- Of the different generations in the workplace, mid-career professionals — those aged 25-54 — face the highest potential exposure to change driven by generative artificial intelligence, while younger workers (16 to 24-year-olds) are potentially the most insulated because of the fields they work in, according to an Indeed Hiring Lab report.
- In particular, roughly 1 in 8 mid-career professionals work in management — a field in which generative AI can perform 68% of required skills in a “good” or “excellent” manner, a sign the profession is highly likely to be affected by the tech, the Oct. 26 report found. By contrast, less than 6% of employed younger people work in fields with the highest exposure. Instead, the most common job for workers in this age group are in food preparation and service, which require skills generative AI has rated itself “fair” or “poor” at performing.
- By race and ethnicity, workers of Asian/Pacific Island descent face the highest level of exposure: More than 1 in 5 are employed in highly exposed fields, such as mathematics and computers, where generative AI is “good” or “excellent” at performing almost all of the sector’s inherent skills, according to the report.
Aspects of every job posted on Indeed, including HR jobs, have skills that can be done or augmented by generative AI, the hiring platform reported in September. In this follow-up report, Indeed clarified that, “who a worker is — their age, gender and/or race — is not nearly as big an indicator in determining the level or their potential exposure to GenAI as what that worker does.”
However, “understanding who is currently most exposed to GenAI is important for policymakers and employers as they make decisions on the use of the technology going forward,” the report said. For example, as workers age and the types of jobs for which they are qualified change, so does their potential exposure to generative AI, Indeed pointed out.

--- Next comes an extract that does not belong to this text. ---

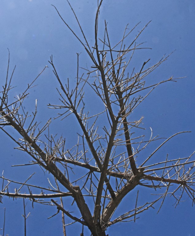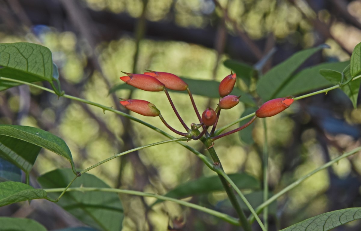 A shrub or small tree with a trunk circumference of approximately 50 cm. The height of the trees ranges between 5 and 8 m, however, individuals reaching 10 m have also been recorded. The woody trunk of the tree bears thorny branches that may approach 50 cm in circumference. The leaves grow alternately, are petiolate and compound, with 3 ovate and acuminate leaflets, each 5-8 cm long and 2-3 cm wide. The species is deciduous, meaning it does not retain its foliage throughout the year. Its root system consists of a taproot. The roots bear nodules produced by nitrogen-fixing bacteria. These bacteria live symbiotically with the tree, facilitating the absorption of nitrogen by the plant in exchange for organic substances necessary for their metabolic processes.

Gen Z job seekers, the newest members of the workforce, are eager for training and the chance to practice skills they’ve just acquired, a 2022 LinkedIn report found. This can be incentive for providing Gen Z with more opportunities to develop and enhance their generative AI skills as they move through their careers.
Employers seeking to develop a training program may want to take a cue from Walmart and Microsoft, both of which have recently launched initiatives for their workforces.
In August, Walmart announced a generative AI program for some 50,000 employees via desktop and mobile interfaces, CIO Dive reported. The program will speed up processes such as drafting, summarizing large documents and problem solving and is intended to boost productivity, creativity and innovation by freeing employees from monotonous, repetitive tasks, according to the announcement.
Microsoft announced the launch of an AI learning initiative in June aimed at helping workers get ahead of the digital skills gap and alleviate digital debt. The initiative also includes new coursework developed with LinkedIn on core concepts and ethical considerations relating to generative AI, according to the announcement.
AI can empower workers, but employers need to ensure everyone has the skills to use it, a Microsoft exec said in the announcement.